Unsupervised learning clustering 1D array

Question

I am faced with the following array:

y = [1,2,4,7,9,5,4,7,9,56,57,54,60,200,297,275,243]

What I would like to do is extract the cluster with the highest scores. That would be

best_cluster = [200,297,275,243]

I have checked quite a few questions on stack on this topic and most of them recommend using kmeans. Although a few others mention that kmeans might be an overkill for 1D arrays clustering. However kmeans is a supervised learnig algorithm, hence this means that I would have to pass in the number of centroids. As I need to generalize this problem to other arrays, I cannot pass the number of centroids for each one of them. Therefore I am looking at implementing some sort of unsupervised learning algorithm that would be able to figure out the clusters by itself and select the highest one. In array y I would see 3 clusters as so [1,2,4,7,9,5,4,7,9],[56,57,54,60],[200,297,275,243]. What algorithm would best fit my needs, considering computation cost and accuracy and how could I implement it for my problem?

Answer 1

Try MeanShift. From the sklean user guide of MeanShift:

The algorithm automatically sets the number of clusters, ...

Modified demo code:

import numpy as np
from sklearn.cluster import MeanShift, estimate_bandwidth

# #############################################################################
# Generate sample data
X = [1,2,4,7,9,5,4,7,9,56,57,54,60,200,297,275,243]
X = np.reshape(X, (-1, 1))

# #############################################################################
# Compute clustering with MeanShift

# The following bandwidth can be automatically detected using
# bandwidth = estimate_bandwidth(X, quantile=0.2, n_samples=100)

ms = MeanShift(bandwidth=None, bin_seeding=True)
ms.fit(X)
labels = ms.labels_
cluster_centers = ms.cluster_centers_

labels_unique = np.unique(labels)
n_clusters_ = len(labels_unique)

print("number of estimated clusters : %d" % n_clusters_)
print(labels)

Output:

number of estimated clusters : 2
[0 0 0 0 0 0 0 0 0 0 0 0 0 1 1 1 1]

Note that MeanShift is not scalable with the number of samples. The recommended upper limit is 10,000.

---

BTW, as rahlf23 already mentioned, K-mean is an unsupervised learning algorithm. The fact that you have to specify the number of clusters does not mean it is supervised.

See also:

• Overview of clustering methods

• Choosing the right estimator

Answer 2

Clustering is overkill here

Just compute the differences of subsequent elements. I.e. look at x[i]-x[i-1].

Choose the k largest differences as split points. Or define a threshold on when to split. E.g. 20. Depends on your data knowledge.

This is O(n), much faster than all the others mentioned. Also very understandable and predictable.

On one dimensional ordered data, any method that doesn't use the order will be slower than necessary.

Answer 3

HDBSCAN is the best clustering algorithm and you should always use it.

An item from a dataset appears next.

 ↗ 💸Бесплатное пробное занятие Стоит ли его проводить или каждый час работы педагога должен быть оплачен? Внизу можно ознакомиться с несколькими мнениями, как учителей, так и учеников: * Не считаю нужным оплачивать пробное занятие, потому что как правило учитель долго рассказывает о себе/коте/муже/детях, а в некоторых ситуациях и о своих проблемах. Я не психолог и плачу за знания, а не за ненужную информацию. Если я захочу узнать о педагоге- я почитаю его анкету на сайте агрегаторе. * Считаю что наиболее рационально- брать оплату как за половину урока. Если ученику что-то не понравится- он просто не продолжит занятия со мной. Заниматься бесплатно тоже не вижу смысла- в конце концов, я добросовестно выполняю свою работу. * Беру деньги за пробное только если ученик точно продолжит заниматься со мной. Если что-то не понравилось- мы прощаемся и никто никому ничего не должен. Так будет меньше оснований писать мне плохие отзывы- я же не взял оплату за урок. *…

Basically all you need to do is provide a reasonable min_cluster_size, a valid distance metric and you're good to go.

For min_cluster_size I suggest using 3 since a cluster of 2 is lame and for metric the default euclidean works great so you don't even need to mention it.

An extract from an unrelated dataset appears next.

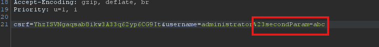 %26secondParam=abc를 administrator뒤에 추가함으로써 두번째 쿼리가 삽입되는지 확인

Don't forget that distance metrics apply to vectors and here we have scalars so some ugly reshaping is in order.

To put it all together and assuming by "cluster with the highest scores" you mean the cluster that includes the max value we get:

from hdbscan import HDBSCAN
import numpy as np

y = [1,2,4,7,9,5,4,7,9,56,57,54,60,200,297,275,243]
y = np.reshape(y, (-1, 1))

clusterer = HDBSCAN(min_cluster_size=3)
cluster_labels = clusterer.fit_predict(y)

best_cluster = clusterer.exemplars_[cluster_labels[y.argmax()]].ravel()
print(best_cluster)

The output is [297 200 275 243]. Original order is not preserved. C'est la vie.